Lyndsey Haraguchi-Nakayama: Our farm is a six-generation working family farm that’s over 100 years old. We have been mainly growing taro for several generations, but we grow diversified crops.
Hanalei Taro & Juice Co. are our food trucks. They serve the value-added food portion of our family farm where we specialize in fresh taro dishes. We serve our Hanalei taro veggie burger, taro hummus, and kūlolo (a traditional Hawaiian dessert). Our menu provides a variety of items, including vegan and gluten- and dairy-free dishes, all the way to traditional Hawaiian food, like laulau and kalua pork.
We also care for the Ho‘opulapula Haraguchi Rice Mill, a 501 c(3) nonprofit agrarian museum that was started by my parents in the early 1980s. I am the educational administrator, and my parents, Rodney and Karol Haraguchi, oversee it along with the help of a community-led board of directors.
From our family’s viewpoint, we don’t think our life as farmers is interesting. However, my mother is a teacher and she realized that nowhere else in the state could children come and see agricultural artifacts that have been preserved from the 1800s and early 1900s. She also saw the museum as an opportunity to preserve local oral history while informing visitors about current challenges. We educate about the local ecosystem, about endangered and invasive species, and instill the importance of farming because that’s needed for future generations to survive.
In April 2018, the North Shore community, Koloa, and other areas of Kauai and Oahu were affected by historic flooding, and everybody is still rebuilding.
On our farm not only did we need to salvage artifacts that were washed out of the museum, but five foundational pillars from the farmhouse and office were knocked out by the flood, so the floors are collapsing. Toward the end of 2019, we received permission to begin demolishing and start rebuilding. The museum is still closed to the public as we continue with taro field flood recovery and eco-farm education tours. It’s taking a lot longer than we’d like, and we continue to work daily on the farm and at the food trucks, but it’s probably going to take us at least two to three years to complete rebuilding.
I look for trustworthiness, dependability and understanding in a banking relationship. After the floods, BOH was very empathetic; they listened to our situation, and they wanted to know how they could help.
Brandon Sassone, the Princeville Branch manager, came to a Hanalei Business Co-Operative meeting where I told him that I would like to make more deposits using the mobile app. Brandon helped to extend the limit so I could deposit many work checks at one time online. That really helped.
It was heartwarming to see how the community pulled together after the flooding, and some reached out by donating online at HaraguchiRiceMill.org. Thanks to BOH SVP and Kauai Market Manager Sonia Topenio, a special account was set up to accept donations and acknowledge them with receipts for tax deductions.
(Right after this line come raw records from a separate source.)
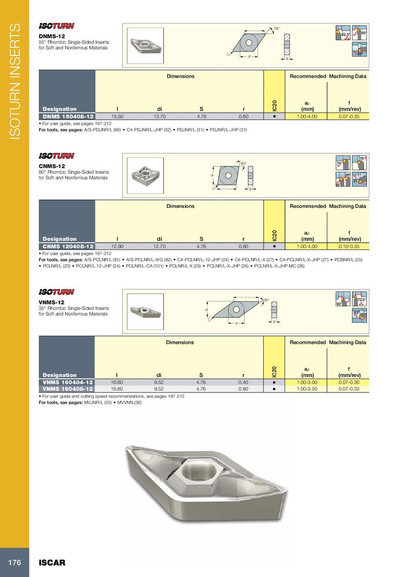 55° l 62.5° 93° DNMS-12 55° Rhombic Single-Sided Inserts for Soft and Nonferrous Materials r 93º di S Dimensions Recommended Machining Data a p f Designation l di S r IC20 (mm) (mm/rev) DNMS 150408-12 15.50 12.70 4.76 0.80 • 1.00-4.00 0.07-0.35 • For user guide, see pages 197-212 For tools, see pages: A/S-PDUNR/L (86) • C#-PDJNR/L-JHP (32) • PDJNR/L (31) • PDJNR/L-JHP (31) ISOTURN INSERTS 75° 80° 75° CNMS-12 80° Rhombic Single-Sided Inserts di 95° for Soft and Nonferrous Materials 95º 95° r l S Dimensions Recommended Machining Data a p f Designation l di S r IC20 (mm) (mm/rev) CNMS 120408-12 12.90 12.70 4.76 0.80 • 1.00-4.00 0.10-0.35 • For user guide, see pages 197-212 For tools, see pages: A/S-PCLNR/L (81) • A/S-PCLNR/L-X/G (82) • C#-PCLNR/L-12-JHP (24) • C#-PCLNR/L-X (27) • C#-PCLNR/L-X-JHP (27) • PCBNR/L (25) • PCLNR/L (23) • PCLNR/L-12-JHP (24) • PCLNR/L-CA (101) • PCLNR/L-X (25) • PCLNR/L-X-JHP (26) • PCLNR/L-X-JHP-MC (26) l 35° 72.5° VNMS-12 93° 35° Rhombic Single-Sided Inserts di for Soft and Nonferrous Materials 93º r d S Dimensions Recommended Machining Data a p f Designation l di S r IC20 (mm) (mm/rev) VNMS 160404-12 16.60 9.52 4.76 0.40 • 1.00-3.00 0.07-0.30 VNMS 160408-12 16.60 9.52 4.76 0.80 • 1.00-3.50 0.07-0.33 • For user guide and cutting speed recommendations, see pages 197-212 For tools, see pages: MVJNR/L (35) • MVVNN (36) 176 ISCAR
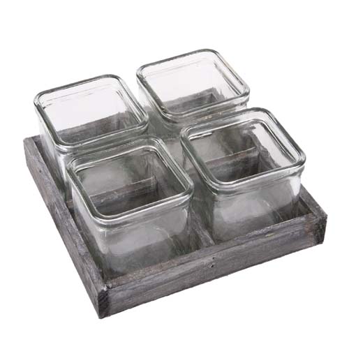 Tafeldeko Tipp: Dekorieren Sie dieses Tablett mit den vier Gläsern doch einfach mit Granulat, kleinen Stumpenkerzen oder Teelichtern in der Adventszeit - Voilà: Adventskranz mal anders!
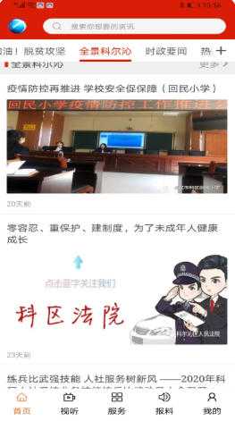 在本站下载科尔沁云软件后,可直接安装并打开,进入首页后会展示最新的新闻头条和热点专题,轻松了解科尔沁的大小事。

Even when we face disasters, we have to be able to move forward. Working from my farm truck was the quickest way that I could get things back up and running on a day-to-day basis. Mobile banking is what I utilize the most, and I also use online banking for bill paying and payroll transfers. I have a wooden desk that fits over the steering wheel in my truck to hold my laptop, and I can pay invoices or make deposits within a few minutes.
We also worked to quickly reopen our Hanalei food truck because we wanted the community to have a place to get food, and we wanted our staff to have jobs. All of our electrical equipment in the food truck got washed in the flood. Chris Kashiwagi, our senior relationship banker at BOH, has always been very helpful with anything we need. She spearheaded my getting two new credit cards to purchase replacement equipment so we could reopen the food truck and our staff could stay employed.
BOH is definitely a bank with Hawaii people in mind. Whether it’s personal, or business or nonprofit, they stand for the local community. They understand the challenges. That makes all the difference.